Now, let’s create our structure. The first thing we should do is place the atoms and connect them with single bonds. Nitrogen goes in the center because it has fewer valence electrons. So it can bond to more elements. Since each single bond contains two electrons, we’ve used up six of our total valence electrons so far. So we have 18 valence electrons remaining to place in our structure. If we place these 18 valence electrons in our structure, we’ll run out of electrons before nitrogen has a full octet. To remedy this, we can remove one of the lone pairs from oxygen and use it to create a double bond between the oxygen and the nitrogen.

Now, all of the atoms in our structure have full octets. So our structure is complete. When I was drawing the structure, I arbitrarily chose the oxygen on the left to create a double bond. But I could’ve chosen any of the three oxygens in the nitrate ion to form a double bond between. Statement I says that the structure of nitrate can be shown using more than one structural formula. We’ve just shown that this statement is true. We can place the double bond between the nitrogen and any of the three oxygens in nitrate. So there’s a total of three structural formulas that we can draw for nitrate.

So what do these three Lewis structures that we’ve drawn tell us about the real structure of the nitrate ion? Does the position of the double bond move between the oxygen atoms instantaneously? Do some nitrate ions have the double bond in one position, whilst others have the double bond in another? Well, how we’ve drawn our structure, we’d expect that one of the bonds in the structure would be shorter than the others because it’s a double bond. But as it turns out, the bonds between the nitrogen and each oxygens are all identical. They each have a bond length of 1.28 angstroms, which is 10 to the minus 10 meters. So what’s actually going on here with the structure of nitrate?

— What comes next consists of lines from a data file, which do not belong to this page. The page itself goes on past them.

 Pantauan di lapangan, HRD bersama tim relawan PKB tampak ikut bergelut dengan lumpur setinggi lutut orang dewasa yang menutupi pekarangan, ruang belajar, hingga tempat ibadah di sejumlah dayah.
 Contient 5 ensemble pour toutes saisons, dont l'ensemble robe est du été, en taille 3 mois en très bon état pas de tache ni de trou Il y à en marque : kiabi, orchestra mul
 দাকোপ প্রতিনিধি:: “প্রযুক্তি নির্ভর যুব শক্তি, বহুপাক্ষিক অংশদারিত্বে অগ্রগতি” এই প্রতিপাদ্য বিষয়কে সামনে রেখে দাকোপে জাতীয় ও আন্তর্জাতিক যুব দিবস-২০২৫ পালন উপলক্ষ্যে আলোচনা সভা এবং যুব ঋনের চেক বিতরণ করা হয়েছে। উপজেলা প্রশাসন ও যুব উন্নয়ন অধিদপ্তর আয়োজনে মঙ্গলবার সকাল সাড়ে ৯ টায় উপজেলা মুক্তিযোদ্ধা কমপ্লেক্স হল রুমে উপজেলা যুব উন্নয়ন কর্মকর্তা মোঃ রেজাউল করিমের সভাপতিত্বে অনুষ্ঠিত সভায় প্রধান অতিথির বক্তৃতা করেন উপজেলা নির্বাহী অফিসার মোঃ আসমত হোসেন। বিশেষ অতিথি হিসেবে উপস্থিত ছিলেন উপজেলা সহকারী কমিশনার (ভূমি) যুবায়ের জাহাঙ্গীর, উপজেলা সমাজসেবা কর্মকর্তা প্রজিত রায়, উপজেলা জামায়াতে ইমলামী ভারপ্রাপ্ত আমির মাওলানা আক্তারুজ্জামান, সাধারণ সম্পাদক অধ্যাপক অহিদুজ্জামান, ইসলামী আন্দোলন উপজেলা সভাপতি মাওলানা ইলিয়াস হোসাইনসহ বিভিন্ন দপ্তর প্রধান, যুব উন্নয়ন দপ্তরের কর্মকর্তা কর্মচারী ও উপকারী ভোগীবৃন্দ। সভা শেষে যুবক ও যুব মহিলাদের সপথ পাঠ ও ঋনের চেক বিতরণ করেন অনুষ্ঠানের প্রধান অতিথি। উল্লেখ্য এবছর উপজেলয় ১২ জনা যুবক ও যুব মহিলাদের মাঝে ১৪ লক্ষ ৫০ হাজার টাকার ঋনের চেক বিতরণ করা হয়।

These three structures that we’ve drawn for the nitrate ion are called resonance structures. Which are structures that have the same placement of atoms. But they differ in the location of their bonds and their lone pairs. It’s important to recognize that resonance structures do not depict the real structure for the molecular ion. The position of the double bond doesn’t move back and forth. And some molecules or ions don’t have one structure or another. So then what does the real structure of nitrate look like?

Well, it turns out the real structure is kind of like a hybrid between all of the resonance structures that we can draw. There is a single bond between the nitrogen and its oxygen, as well as a partial bond between each of them. This partial bond is due to the delocalization of electrons. When we have a single or a double bond, the electrons are localized in one spot. But when the electrons are delocalized, they get spread out throughout the whole structure. Because we have delocalized electrons spread out throughout the structure in the nitrate ion. The structure is more stable than we would expect it to be if the nitrate ion had one of the three resonance structures that we drew above.

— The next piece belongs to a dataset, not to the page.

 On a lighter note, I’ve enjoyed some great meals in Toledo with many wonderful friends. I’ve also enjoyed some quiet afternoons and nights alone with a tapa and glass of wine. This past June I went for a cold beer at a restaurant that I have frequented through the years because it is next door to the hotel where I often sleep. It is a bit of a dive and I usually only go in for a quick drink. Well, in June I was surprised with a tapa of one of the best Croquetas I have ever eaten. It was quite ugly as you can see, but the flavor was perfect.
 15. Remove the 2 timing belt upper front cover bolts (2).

Now, let’s take a look at statement II. Which says that the nitrate ion is stabilized by the delocalization of electrons, as illustrated by its various resonance structures. As we’ve just discussed, this is true. Though we can draw three resonance structures for the nitrate ion. The real structure is a hybrid between the three of them, which has delocalized electrons. Resulting in partial bonds between the nitrogen and each of the oxygens, which stabilizes the overall structure.

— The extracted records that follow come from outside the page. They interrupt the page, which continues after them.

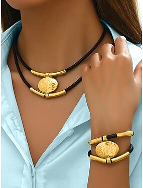 女性用ボヘミアンレザーとメタルのステートメントネックレス&ブレスレットセット。調節可能。ゴールドとシルバーからお選びいただけます。カジュアルにもイブニングウェアにも最適です。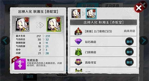 升星上,秋湘玉的关卡掉落是英雄的土门客栈。另外的获得途径就是钻石商店、门派商店、高级寻宝和任务。总体来说,升星难度一般。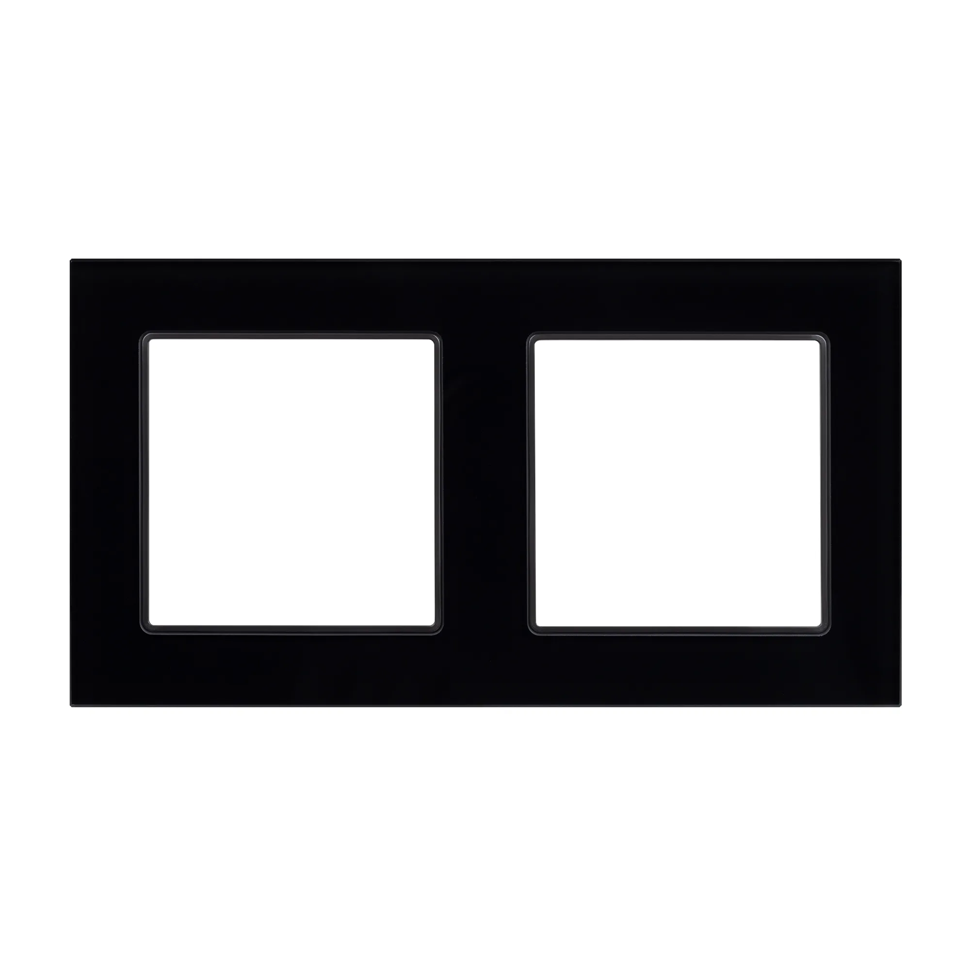 Рамка стеклянная на 2 поста, под встраиваемый механизм (квадрат). Цвет - черный. Ориентации монтажа - горизонтальная.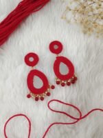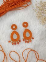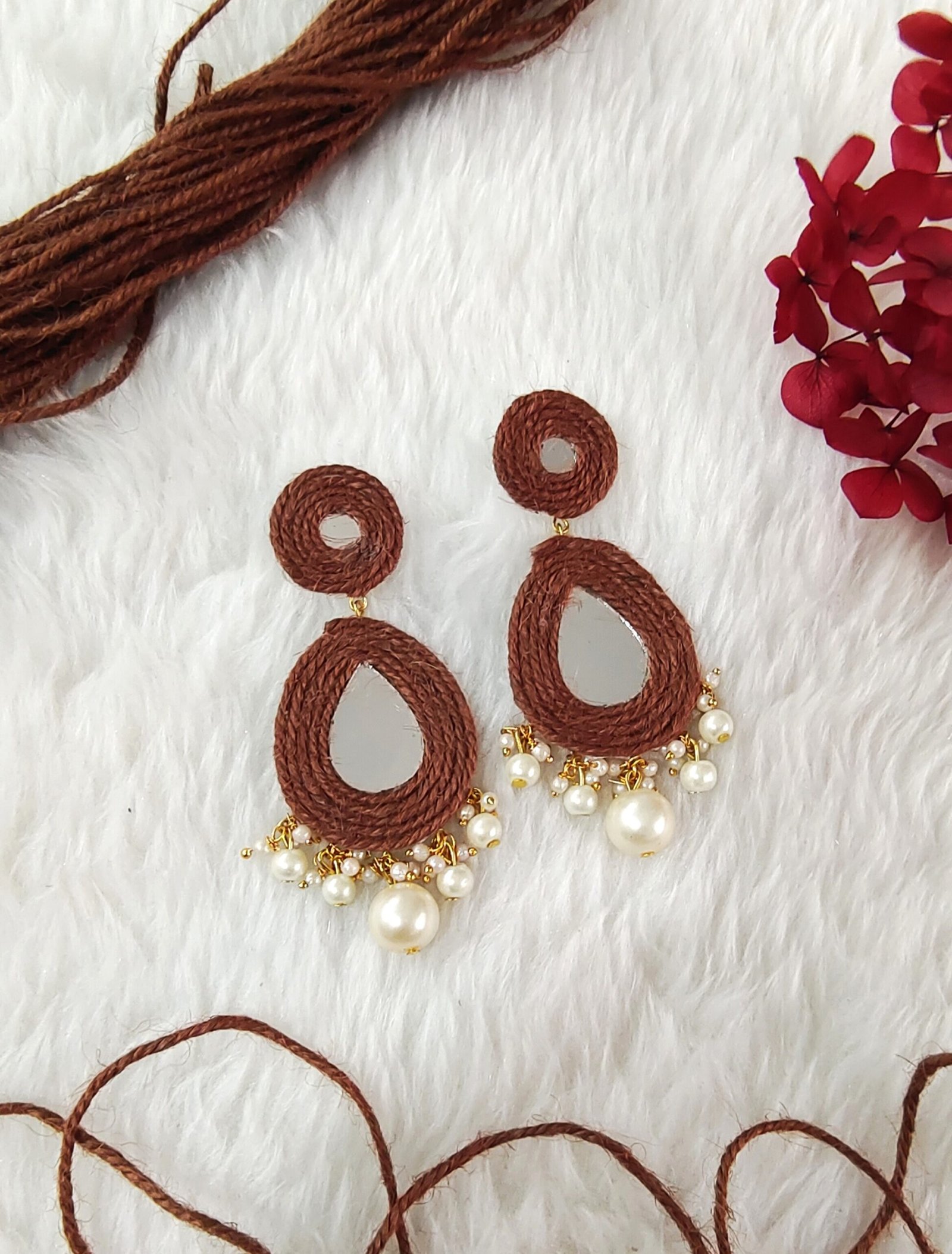 Artisanal earrings, where the thread (“Sutra”) weaves a story around a reflective mirror, adorned with beads.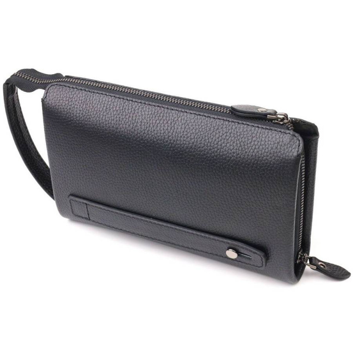 Класичний місткий клатч для чоловіків з натуральної якісної шкіри. Аксесуар має одне основне відділення, всередині якого дві бічні кишені, одна з них на блискавці та кишеня-перегородка на блискавці. Зовні у виробі розташовані дві кишені на лицьовій та тильній стороні. Внизу аксесуара є ремінець для носіння на руці, що дуже зручно у використанні, також є незнімна ручка. Чим зручний клатч - у нього Ви можете покласти все необхідне і все буде під рукою.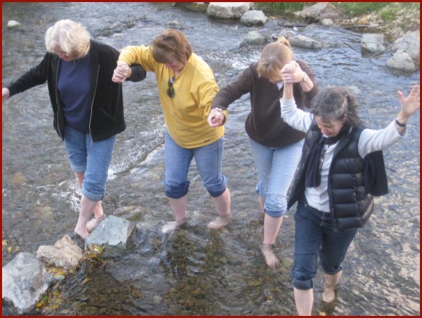 the river the old fashioned way - it's more fun to splash through it!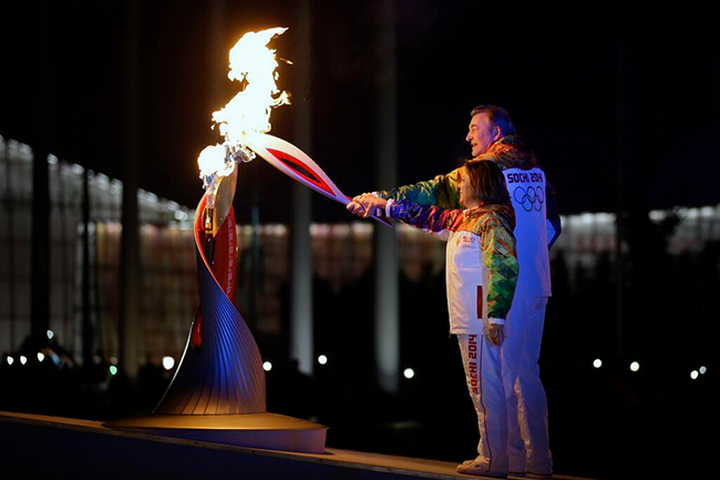 Олимпијску ватру у Сочију запалили Вјачеслав Третјак и Ирина Родњина
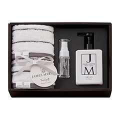 清潔さが求めらえる飲食業の現場からうまれたライフスタイルブランド「ジェームズマーティン」。食品成分のみで作られたフレッシュサニタイザーは外出時にも便利な携帯用。さらに、毎日の皿洗いによる肌の負担を解消するために開発されたディッシュリキッドと、抗菌加工の施されたモノトーンのボーダーのフェイスタオル2枚を詰合せたギフトセットでお届け。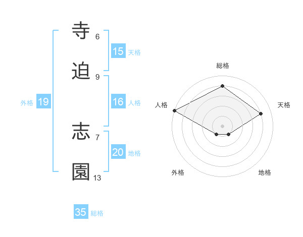 寺迫 志園さんの総格は35画の4点!
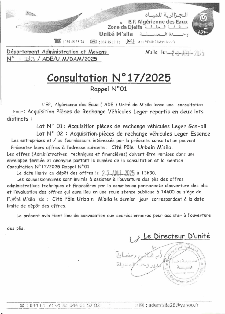 إعلان عن استشارة 2025/17 الجزائرية للمياه وحدة المسيلة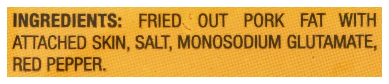 Ingredients: Fried Out Pork Fat with Attached Skin, Salt, Monosodium Glutamate, Red Pepper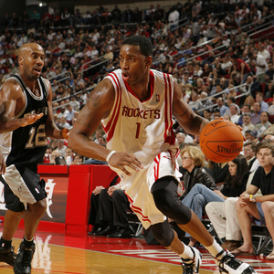 火箭边线球紧逼布朗,布朗运球失误,麦迪拿到球权,冲至前场三分线左侧弧顶,急停三分,再次命中,反超比分!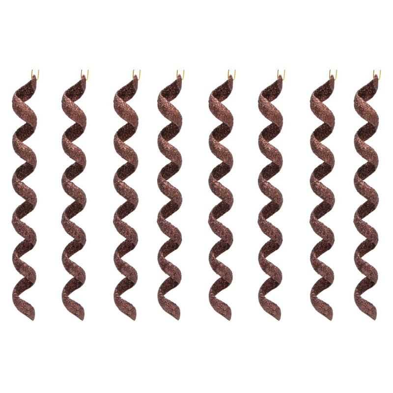 Набір ялинкових іграшок - Спіраль, 8 шт, 20 см, шоколадний, гліттер, пластик (250379)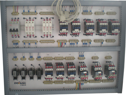 裝置實(shí)驗(yàn)柜正面為車床和銑床的機(jī)床電氣線路元器件布線區(qū)面板。背面是鉆床和磨床的機(jī)床電氣線路元器件布線區(qū)面板。面板上裝有低壓斷路器、直插式保險(xiǎn)絲、交流接觸器、熱繼電器、控制變壓器等元器件,這些元器件直接安裝在面板表面,可以很直觀的看它們的動作情況,且都有相應(yīng)的測試點(diǎn),方便接線及故障考核檢測線路操作。

Since statement I and II are both true, we should state if II is a correct explanation for I. So we need to determine if the nitrate ion being stabilized by delocalization of electrons is the reason that the structure can be shown using more than one structural formula. This is true. The delocalization of electrons in the nitrate ion is precisely the reason that we can draw more than one structural formula for it. Because each of the structural formulas that we can draw are one of the resonance structures for the nitrate ion.